- **DIRECTIONS FOR THIS TASK**
Please transcribe exactly the line that holds "Cute fused glass seagull on driftwood ." and all lines that follow it to the end of the records below, omitting any pictures.

- **SUPPLIED RECORDS**

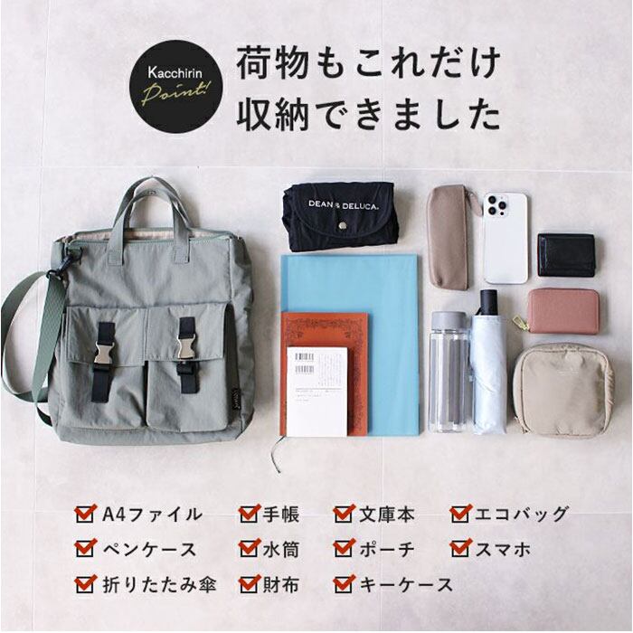 ・A4がすっぽり。程よいマチで、ポーチやドリンクボトルなどお出かけに必要な荷物が1つに。
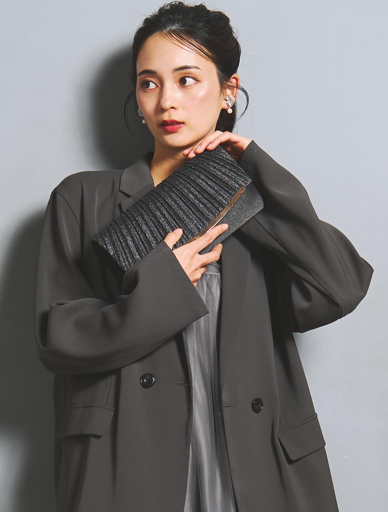 ざっくりと羽織るジャケットが今っぽいドレスに、カッコいいクールな印象のパーティーバッグを合わせた大人コーデ。チャコールグレーのドレスをシックに着こなせるコーディネートです。細かいラメ入りバッグなので地味見えするのも防げます。イヤリングはお顔映りを華やかに見せてくれるビジュータイプ。パールモチーフでフォーマル感もあります。
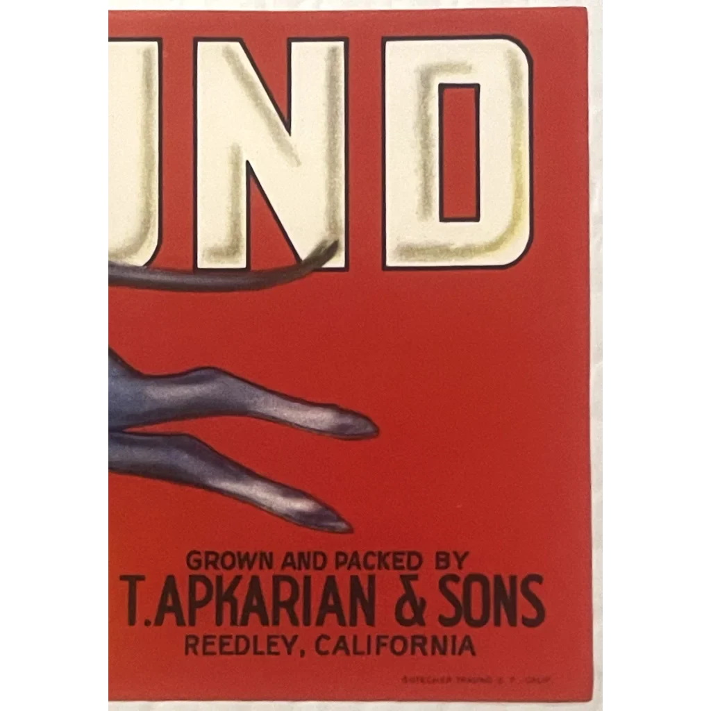 Antique Vintage 1950s Blue Hound Crate Label from Reedley CA
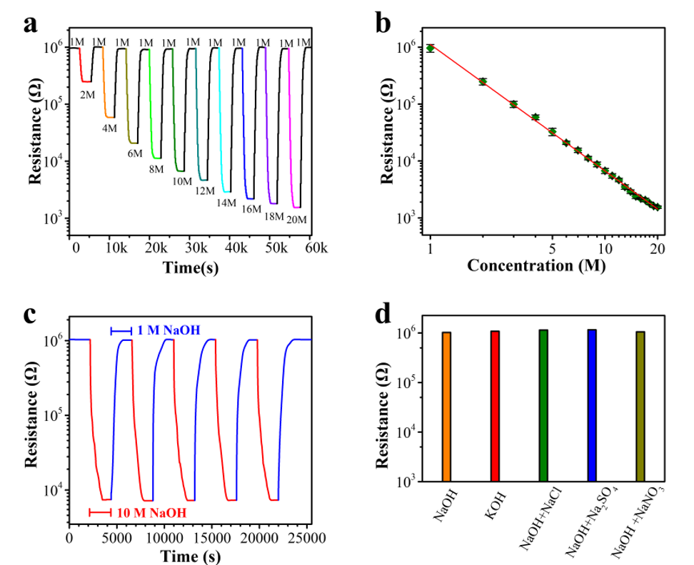 图3. (a) 基于SrCoOx材料的FET传感器对不同浓度NaOH溶液的瞬态响应行为。(b) SrCoOx基FET传感器的电阻随NaOH浓度的变化。(c)SrCoOx基FET传感器检测1 M和10 M浓度NaOH溶液的重复性测试。(d) SrCoOx基FET传感器对Na+、K+、Cl−、SO42−和NO3−离子的抗干扰能力;图中所有盐的浓度均为1 M。
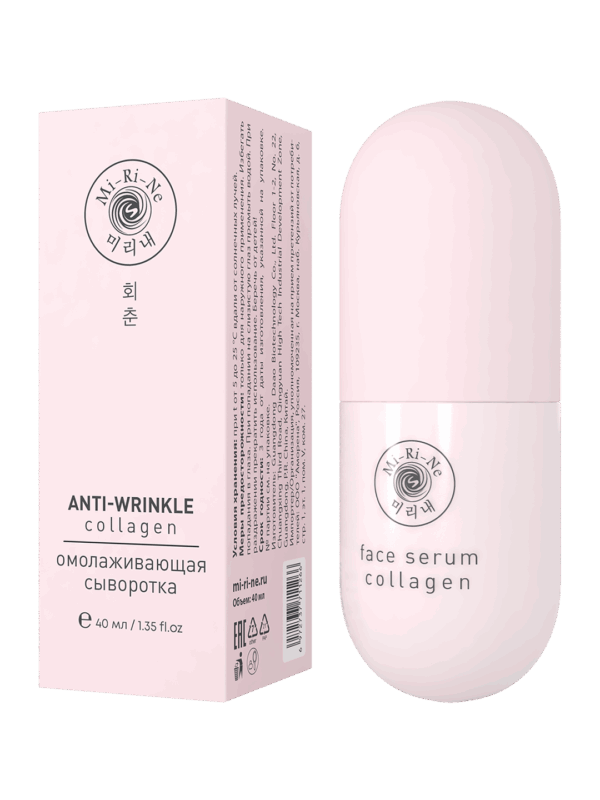 Mi-Ri-Ne Разглаживающая сыворотка против морщин для лица COLLAGEN. Состав: Water, Glycerin, Dimethicone, Betaine, Propylene Glycol, Soluble Collagen, Butylene Glycol, 1,2-Hexanediol, Ethylhexylglycerin, Hydroxyacetophenone, Bifida Ferment Filtrate, Sodium Hyaluronate, Panthenol, Gentiana Scabra Root Extract, Polyacrylamide, C13-14 Isoparaffin, Laureth-7, Cyclopentasiloxane, Cyclohexasiloxane, Glyceryl Glucoside, Sodium Acrylate/Sodium Acryloyldimethyl Taurate Copolymer, Isohexadecane, Polysorbate 80, Sorbitan Oleate, Phenoxyethanol, Isononyl Isononanoate, Chlorphenesin, Xanthan Gum, Fragrance. Хранить при температуре от +5° до +25°С вдали от солнечных лучей. Беречь от детей. Срок годности 3года.
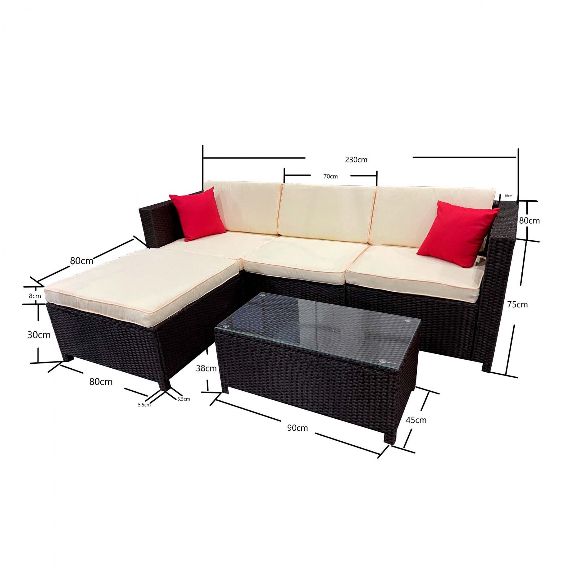 Este conjunto é composto por sofá com chaise-longue e mesa de apoio com tampo em vidro, permitindo assim criar um ambiente acolhedor para momentos de descanso e convívio ao ar livre. Por isso, torna-se uma escolha prática e funcional para reunir família e amigos com conforto.
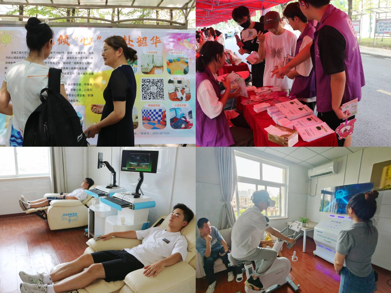 设置心理宣传展板,强化心理健康服务。心理健康教育中心精心设计制作心理宣传展板,详细介绍我校心理健康教育中心概况,中心内设的宣泄解压室、音乐放松室、沙盘活动室、心理测量室等特色心理功能体验室,成功吸引了众多学生和家长的目光,在工作人员的带领下,新生们来到心理健康教育中心“沉浸式”地体验了各项设施。迎新现场还设置了现场咨询点,提供心理咨询预约服务指导,让新生和家长在入学第一天就能获取和知晓心理健康自助互助的快速通道。
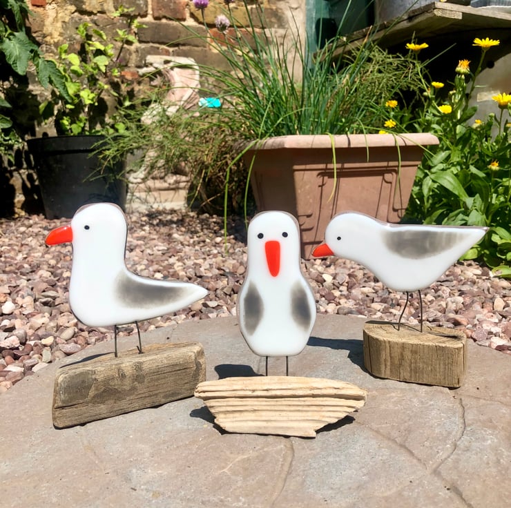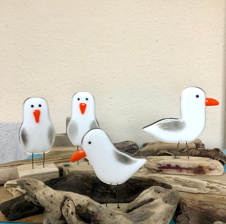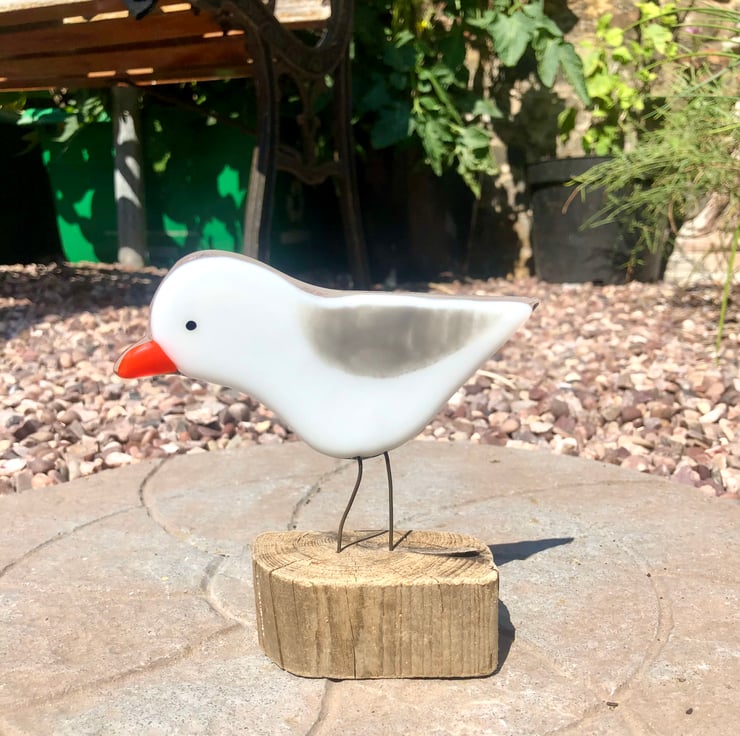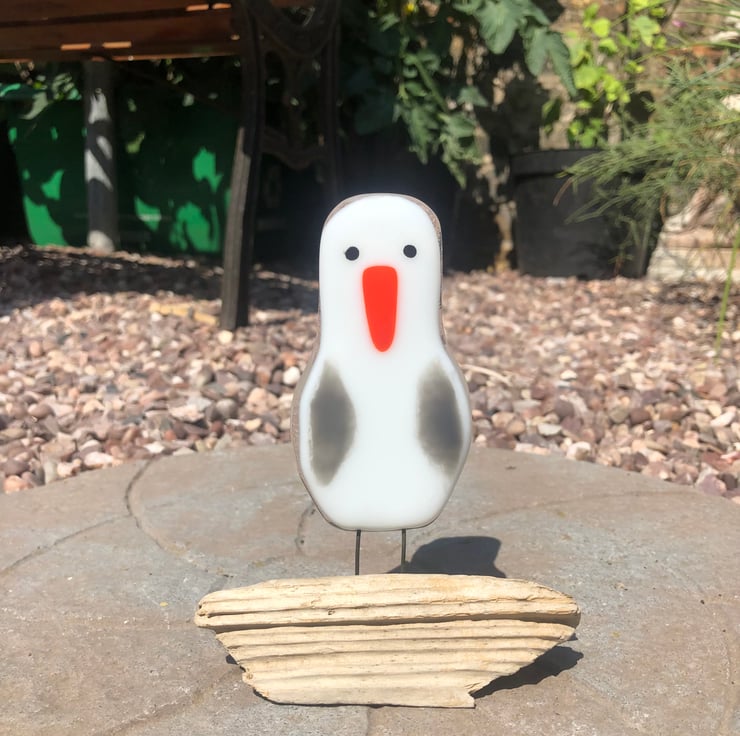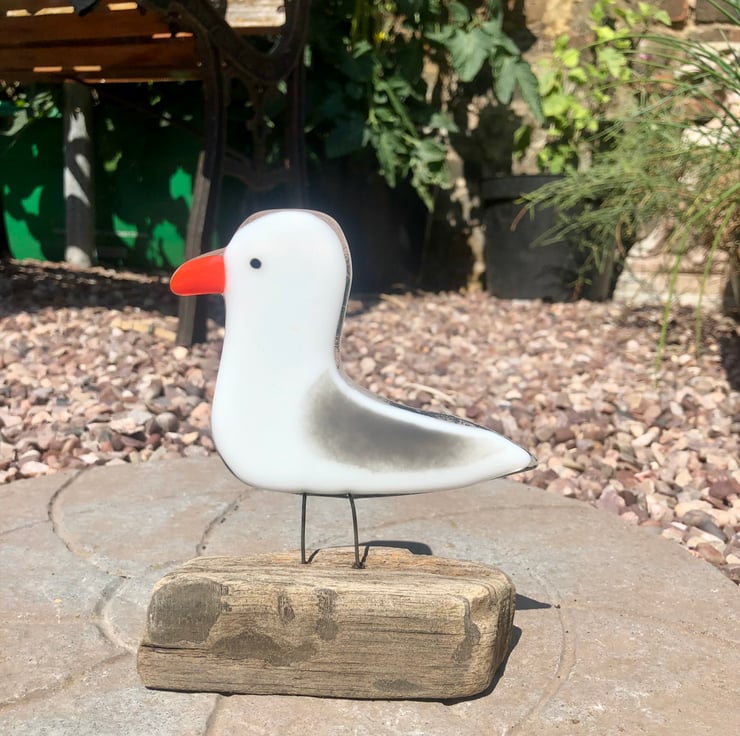 Cute fused glass seagull on driftwood .
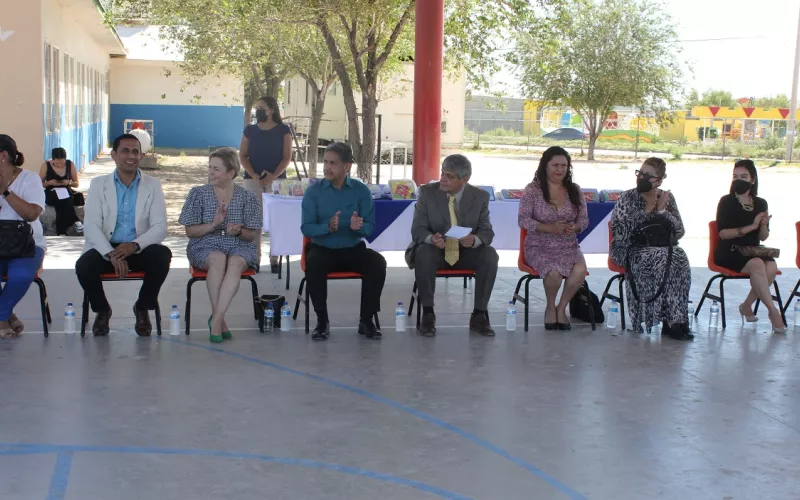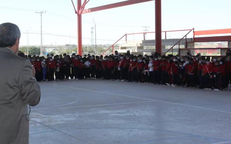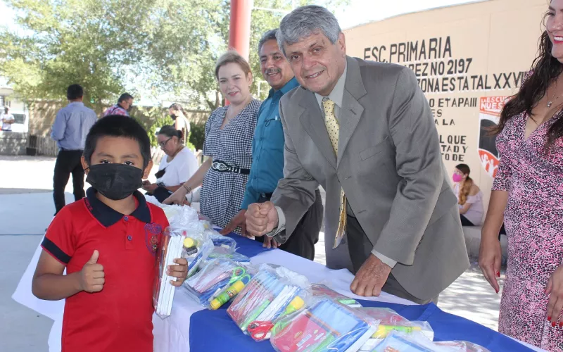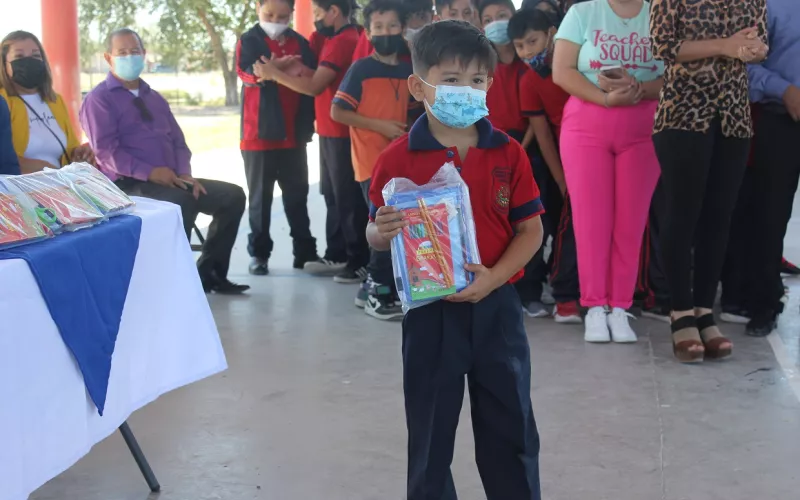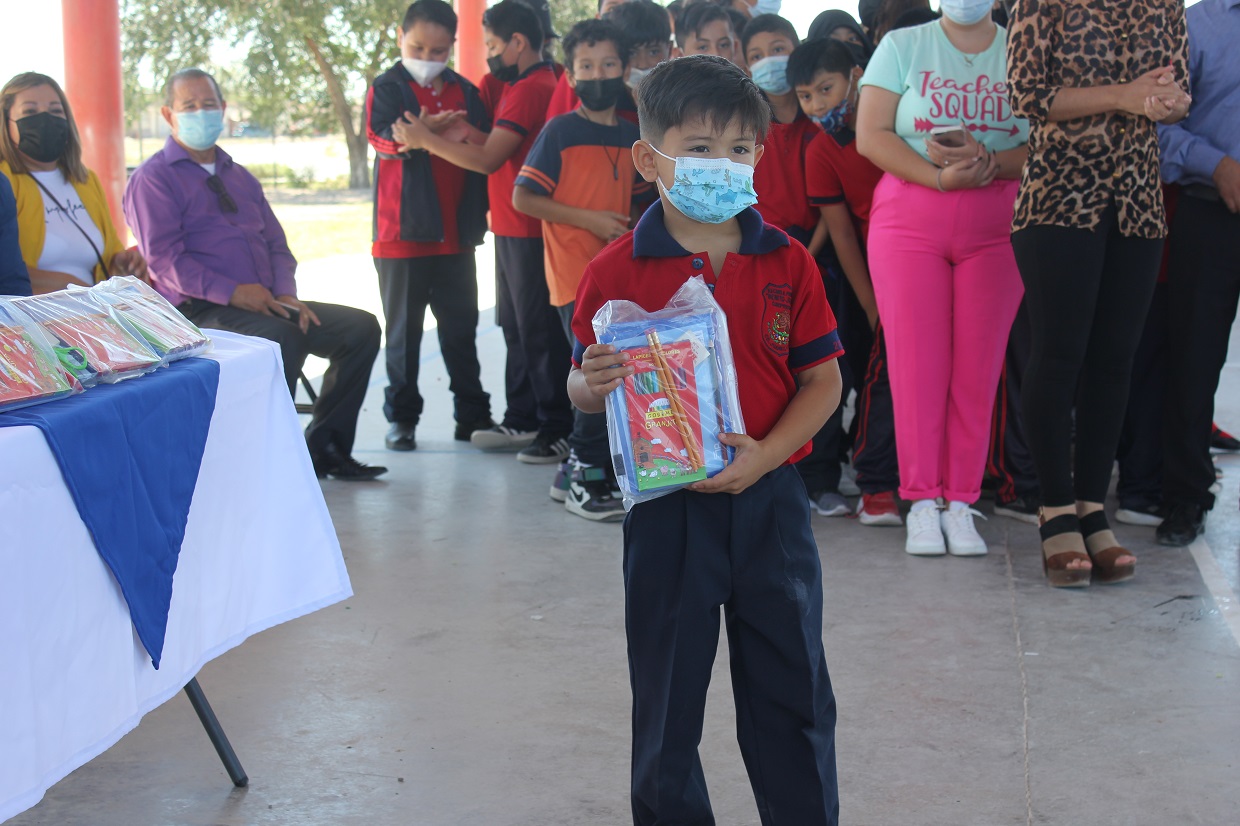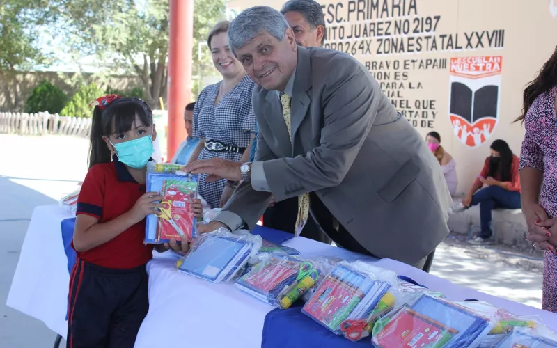 La Secretaría de Educación y Deporte (SEyD) entregó paquetes de útiles escolares a estudiantes de la Escuela Primaria Benito Juárez, ubicada en el fraccionamiento Riberas del Bravo, en Ciudad Juárez.

- **ANSWER**
 Cute fused glass seagull on driftwood .
 La Secretaría de Educación y Deporte (SEyD) entregó paquetes de útiles escolares a estudiantes de la Escuela Primaria Benito Juárez, ubicada en el fraccionamiento Riberas del Bravo, en Ciudad Juárez.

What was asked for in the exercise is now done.